Jaka Lola Karya Kho Ping Hoo di http://ceritasilat-novel.blogspot.com by Saiful Bahri Situbondo

   
Jawabnya.

   "Ha... ha... ha, anak baik, kau mengenal sepatu baru kami!"

   Si kumis tertawa senang.

   "Hayo kau bersihkan debu sepatu kami, dan nanti kami akan minta kepada majikanmu agar kau jangan dihukum karena kelalaianmu menuntun kuda." "Yo Wan menegakkan kepalanya, memandang tajam.

   "Harap kalian tidak main-main. Aku pun tidak ingin main-main dengan kalian. Lebih baik sekarang Kau tinggalkan seekor di antara kudamu untuk mengganti kudaku yang mati, baru kalian melanjutkan perjalanan."

   "Apa...??"

   Dua orang itu berteriak kaget, heran dan juga marah.

   "Kau ini kacung kuda berani bicara begitu kepada kami? Kami adalah dua orang utusan terhormat dari Sin-Tung Kai-Pang, tahu? Minggir dan jangan banyak cerewet kalau kau tidak ingin mampus seperti kuda itu!"

   Yo Wan adalah seorang yang memiliki watak suka merendah, hal ini terbentuk oleh keadaan hidupnya semenjak kecil. la suka mengalah dan mempunyai rasa diri rendah dan bodoh, akan tetapi betapapun juga, dia adalah seorang muda yang berdarah panas. Melihat sikap dan mendengar ucapan menghina itu, kesabarannya patah.
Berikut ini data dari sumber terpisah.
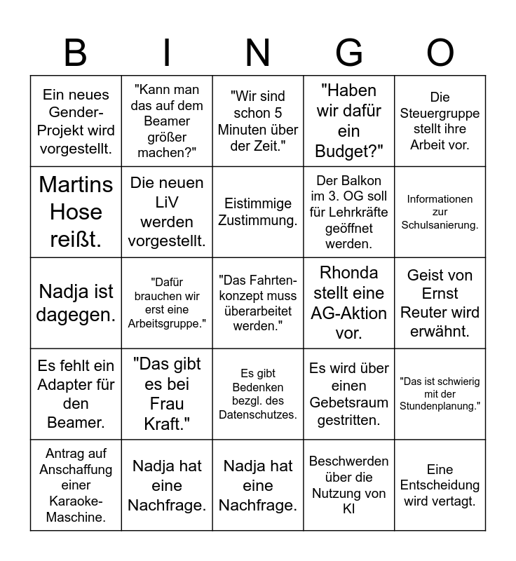 ⚠ This card has duplicate items: Den examinierten LiV wird gratiuliert. (2), "Wir sind schon 5 Minuten über der Zeit." (2), Eine Lehrkraft kommt zu spät. (2), "Dafür brauchen wir erst eine Arbeitsgruppe." (2), Dem Protokoll der letzten Geko wird zugestimmt. (2), "Kann man das auf dem Beamer größer machen?" (2), Es wird eine Frage gestellt um ein Kreuz im Bingo machen zu können. (2), "Wir haben Zeit gut gemacht." (2), Schlechte Leistungen der Schüler*innen werden angesprochen. (2), Es wird über einen Gebetsraum gestritten. (2), "Das ist schwierig mit der Stundenplanung." (2), "Haben wir dafür ein Budget?" (2), Ein neues Gender-Projekt wird vorgestellt. (2), "Braucht noch jemand die Anwesenheits-liste?" (2), Martins Hose reißt. (2), Wiebke macht eine Fußball-Analogie. (2), "Das gibt es bei Frau Kraft." (2), Technikprobleme mit dem Beamer. (2), Geist von Ernst Reuter wird erwähnt. (2), Es gibt Bedenken bezgl. des Datenschutzes. (2), Die Steuergruppe stellt ihre Arbeit vor. (2), Nadja ist dagegen. (2), Eistimmige Zustimmung. (2), Die neuen LiV werden vorgestellt. (2), Jemand befürchtet selbst etwas organisieren zu müssen. (2), Beschwerden über faule Schüler*innen (2), Der Ablauf der BO-Wochen wird präsentiert. (2), Jemand erhält eine Ernennungs-urkunde. (2), "Die Ernennungs-urkunde war leider noch nicht fertig gedruckt." (2), Informationen zur Schulsanierung. (2), Es fehlt ein Adapter für den Beamer. (2), Nadja hat eine Nachfrage. (2), Eine Entscheidung wird vertagt. (2), Antrag auf Anschaffung einer Karaoke-Maschine. (2), Rhonda stellt eine AG-Aktion vor. (2), "Das findet ihr im Schulportal." (2), Beschwerden über die Nutzung von KI (2), Eine Lehrkraft verlässt vorzeitig die GeKo. (2), Der Balkon im 3. OG soll für Lehrkräfte geöffnet werden. (2), "Das Fahrten-konzept muss überarbeitet werden." (2)

   "Biarpun kalian utusan dari Giam-Lo-Ong (Malaikat Maut) sekalipun, karena kau membunuh kudaku, kau harus menggantinya!"

   Dua orang itu mencak-mencak saking marahnya. Kalau saja mereka tidak ingat bahwa kacung itu adalah seorang bujang Hoa-San-Pai dan bahwa mereka berada di wilayah Hoa-San-Pai, tentu sekali pukul mereka membikin mampus bocah ini.

   "Sute, jangan layani dia, Dorong minggir!"

   Si kumis tertawa dan melangkah maju mendekati Yo Wan, tangan kirinya mendorong pundak pemuda itu sambil membentak,

   "Tidurlah dekat bangkai kudamu!"

   La menggunakan tenaga setengahnya karena tidak ingin membunuh Yo War, hanya ingin membuat kacung itu terjengkang dekat bangkai kuda tadi. Akan tetapi dia salah besar kalau mengira bahwa dengan hanya sebuah dorongan seperti itu saja dia akan mampu merobohkan Yo Wan. Tangannya mendorong pundak Yo Wan yang sengaja tidak mau mengelak, akan tetapi tenaga dorongannya bertemu dengan pundak yang Kokoh kuat seperti batu karang. Jangankan membuat kacung itu roboh, membuat pundak itu bergoyang saja tidak mampu!

   "Kau ganti kudaku yang mati"

   Kata Yo Wan tanpa bergerak. Si kumis terheran, penasaran lalu timbul kemarahannya.

   "Kau kepala batu,"

   Bentaknya dan kini dia menggunakan seluruh tenaganya untuk mendorong dada Yo Wan. Yo Wan tidak mau mengalah sampai dua kali, apalagi sekarang yang didorong adalah dadanya.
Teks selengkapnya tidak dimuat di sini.